In other words, you got to pay for the stuff and when the money goes into their pocket, they are looking for a specific amount, PERIOD. They don’t want to be bothered with our (currency) problems, just show me the (desired amount after translation/conversion) money.
Topic #2 (Potential down draft in the markets)
The 2nd thing that I am thinking is that we are now near the level set in Jan/March lows in the markets. The markets probably won’t have to go too much lower before the margin calls start-up again and that could get ugly in a hurry.
I’m sure all of the members of the PPT have already been notified to be available for a Conference Call this afternoon if necessary and that all parties are expected to be available until further notice.
TOPIC 3: What’s the Fed going to do NOW?
Well, I’m sure there is no one on this planet who has not heard that the Fed cutting is over and that we should expect a slight (token) increase in rates to support the US Dollar and try to slow down the rise in inflation. Right?
Well, what is the Fed going to do if the bottom falls out of the market in the meantime?
I’ll tell you what they have done since 1982, they have ALWAYS cut interest rates until the market calmed down. Since we only have 2.00% of cutting potential left, do you think they will be cutting in here?
If the market burns and the Fed does NOT cut, it will be the 1st time in 25 years!
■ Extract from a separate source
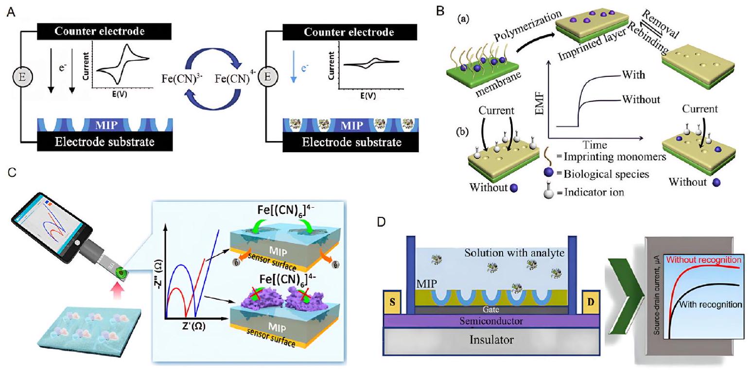 Fig. 2. Working principles for MIP-based (A) voltammetric sensor, (B) potentiometric sensor (Wang et al., 2020), (C) impedimetric sensor (Raziq et al., 2021, Wang et al., 2022b), and (D) FET sensor.
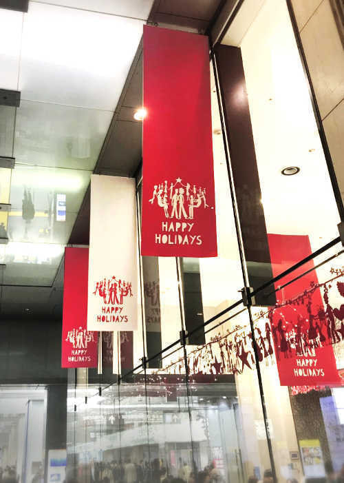 塩ビ系の素材と比較すると、繊維製品は嫌な臭いが無く、安心して人の目線に近い場所への掲出が可能です。更に環境に優しいノンハロゲン防炎加工を施すことが出来ます。

Damn, these are interesting times we live in!! Everyday is a new adventure.
Source:
Title: OPEC Chief Sees $150-170 Oil in Coming Months
http://biz.yahoo.com/cnbc/080626/25386960.html
I can’t imagine too many rosy earnings reports coming up in July, so I expect we’re going to see another leg down through October in which the NAS and S&P will be significantly lower. I keep sitting in cash, waiting for a low that feels more like capitulation that what we’ve seen so far. I personally can’t understand the love affair with “tech”. Aside from personal devices like Blackberriers, etc, where is the innovation? Most of what is going on in tech is evolutionary, which should not command premium valuations.
Ok…here’s what we need to do. Immediately remove GM, C, JPM, BAC and AIG from the Dow. Put in GOOG, AAPL, RIMM, AMZN, and BIDU. Then have Cramer go on the air and tout the new Five Horseman. Then on a quiet Friday, when traders are in the Hamptons, emergency 50bp cut.
DL and Poolshark,
Do you think GM will come out the other side still intact? If so, don’t you think picking up the stock around $10 would be one hellva of buy? I mean this thing has fell from what $85 or $90, hasn’t it?
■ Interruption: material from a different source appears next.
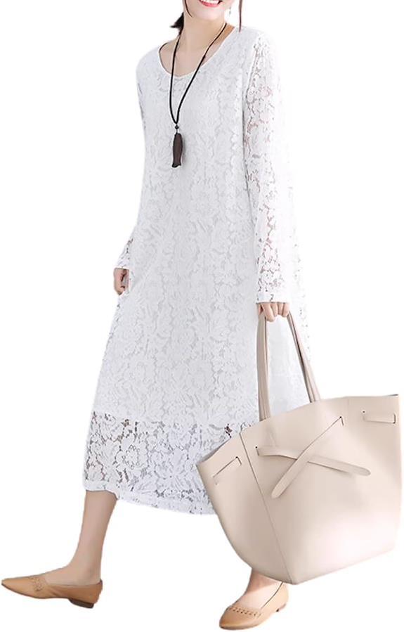 無地のワントーンカラーで、素敵な総レース柄がおしゃれなレディースワンピース(Women's Dresses)です。

On down the line a few weeks or months when they start consolidating and cutting their dividend, it will probably get down there.
Man, you talk about wealth destruction, GM is getting right down there with Lucent and some others I won’t depress you with.
Ever think you would hear something like…”fresh 53 year low on GM”???
You ain’t seen nothing yet.
GM Head on collision
In thinking about the yahoo historical stats, if they do calculate it as you say, its hard to believe that this would result in an error of 130 points on a day that has a 650 point swing. Thats a 20% error. It seems reasonable that on a day like that the intraday low would be fairly close to the individual low for most of the stocks in the DOW.
It does not seem reasonable to me that this would result in a calculation error of more than a few percent. Does anyone have a source of historical data that shows the 11,635 low that was listed as the previous intraday low for January 22?
GM will be cut up into pieces and sold off like a slaughtered cow.
But not before Chrysler.
Just watching the two of them compete to the bigger cash furnace is getting old for me and i have no skin in the game…imagine how their bankrollers’ feel.
I believe the difference is one feed adjusts for corporate actions and the other feed does not.
Redocean,
Don’t ask me why they use such a spazzy way of calculating.. but google it and you’ll find the same discussions i did when i was wondering why the lows didn’t match up to the ones I had seen during the day.
The error may seem large… but it is correct… 11635 was the low as quoted by Baz.
S
Hi,
I sometimes wonder about the numbers on Yahoo Finance myself. Wish I had a Bloomberg terminal :)
Here are the numbers on the Dow for January 22 from Google Finance (it says the low was 11,634.82).
And if you go to the Dow chart at Bloomberg.com, the chart cursor will show the same figures.
Cheers.
a) I believe the difference is that yahoo adjusts the numbers for dividends
b) it doesn’t matter anyway – 11,508 got taken out a minute ago
This is great. Stock market crashes the day after Bernanke & Co. said things are going to be OK….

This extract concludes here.